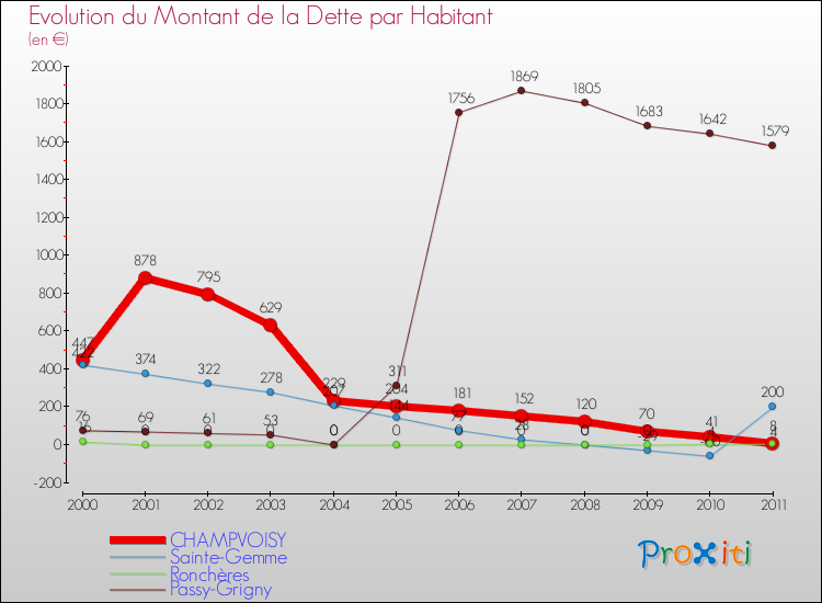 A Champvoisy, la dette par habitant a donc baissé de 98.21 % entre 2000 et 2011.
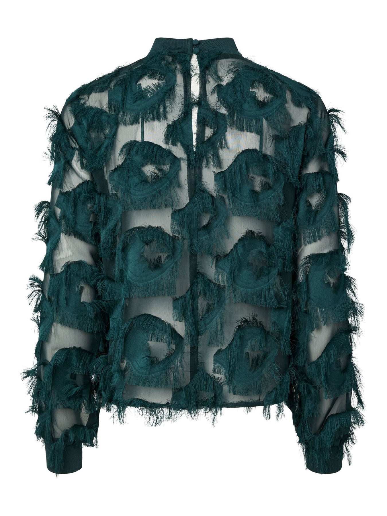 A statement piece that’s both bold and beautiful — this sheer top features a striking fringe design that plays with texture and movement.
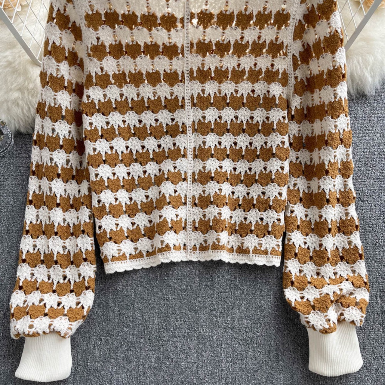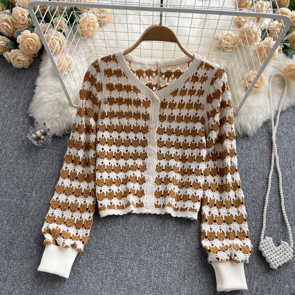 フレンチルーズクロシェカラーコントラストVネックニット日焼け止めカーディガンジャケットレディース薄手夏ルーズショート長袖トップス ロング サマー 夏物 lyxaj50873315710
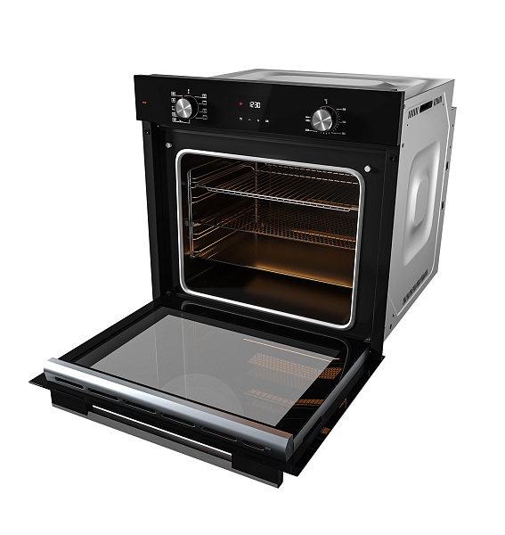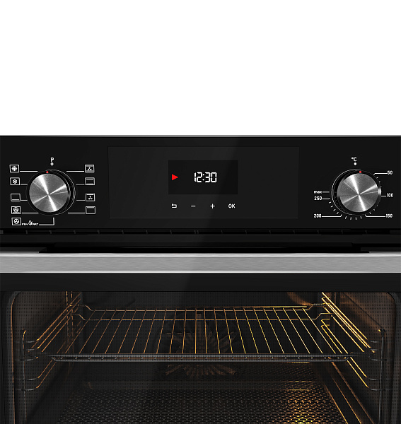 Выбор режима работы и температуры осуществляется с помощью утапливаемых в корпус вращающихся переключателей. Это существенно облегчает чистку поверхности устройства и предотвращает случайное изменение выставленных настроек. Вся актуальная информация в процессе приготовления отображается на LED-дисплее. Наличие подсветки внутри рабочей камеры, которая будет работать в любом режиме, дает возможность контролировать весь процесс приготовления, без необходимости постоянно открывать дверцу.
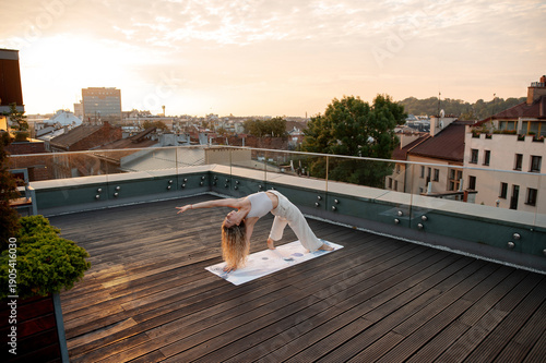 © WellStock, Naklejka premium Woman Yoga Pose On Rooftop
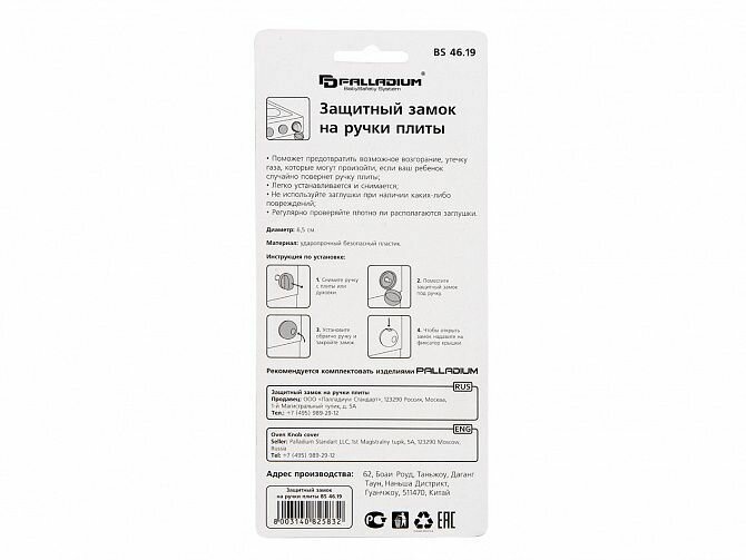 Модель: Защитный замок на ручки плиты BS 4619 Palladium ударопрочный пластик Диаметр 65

## ASSIGNMENT
Set down exactly, line for line, the data from the line that contains "Pose On Rooftop" through its last line, keeping pictures out.

## REPLY
 © WellStock, Naklejka premium Woman Yoga Pose On Rooftop
 Модель: Защитный замок на ручки плиты BS 4619 Palladium ударопрочный пластик Диаметр 65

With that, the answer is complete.